As a Jew living in an historically anti-Semitic country, Hirschfeld understood the vulnerability of scapegoated populations. He urged homosexuals from all walks of life to come out and become involved in the growing campaign for emancipation, urging that in the last analysis, you must carry on the fight yourselves -¦ the liberation of homosexuals can only be the work of homosexuals themselves.

Hirschfeld published the 23-volume Yearbook for the Sexual Intermediates, the first periodical devoted to homosexual studies. Through the Institute for Sexual Science which he founded in 1919, he also documented thousands of cases of sexual inversion and further bolstered his theory of the naturalness, or inborn quality, of homosexuality. As a pioneer, he often found himself in the dual role of educator and father-confessor. As a result he was often the most sought-after party guest and at the same time one of the most reviled public figures in Germany.

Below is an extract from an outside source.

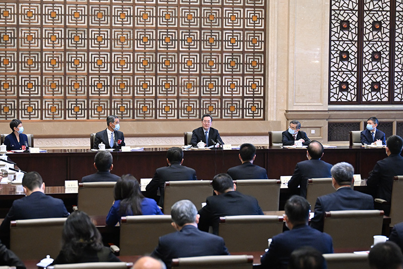 3月6日,中共中央政治局常委李强看望出席全国政协十四届一次会议的经济界委员并参加讨论。新华社记者 翟健岚 摄

As the German fascists gained power, Hirschfeld came under constantly greater attack. His meetings were disrupted by Nazi youth gangs and he was physically attacked twice at meetings in Munich in 1920 and 1921 by anti-Semites. During the second attack he suffered a fractured skull and was left for dead in the street. Undaunted, he recovered and continued his campaign to repeal Germany’s anti-gay law and participated in the formation of the first global gay rights organisation, the World League for Sexual Reform. He was ultimately forced into exile although many of his books and the fragments of records and historical accounts of his work at the Institute still exist.

The Nazis succeeded in wiping out most traces of the homosexual emancipation movement from German society and much of Europe. With so much of the documentation of the concentration camps destroyed toward the end of the war, there is no way to accurately gauge how many homosexuals died during the Holocaust. The most common estimate, however, is that tens of thousands of homosexual men and women were killed at the hands of the Nazis. Gay men suffered unusually cruel treatment in the concentration camps. They faced persecution not only from German soldiers but also from other prisoners, and many gay men were beaten to death.

Additionally, gay men in forced labor camps routinely received more gruelling and dangerous work assignments than other non-Jewish inmates, under the policy of Extermination Through Work. SS soldiers also were known to use gay men for target practice, aiming their weapons at the pink triangles their human targets were forced to wear.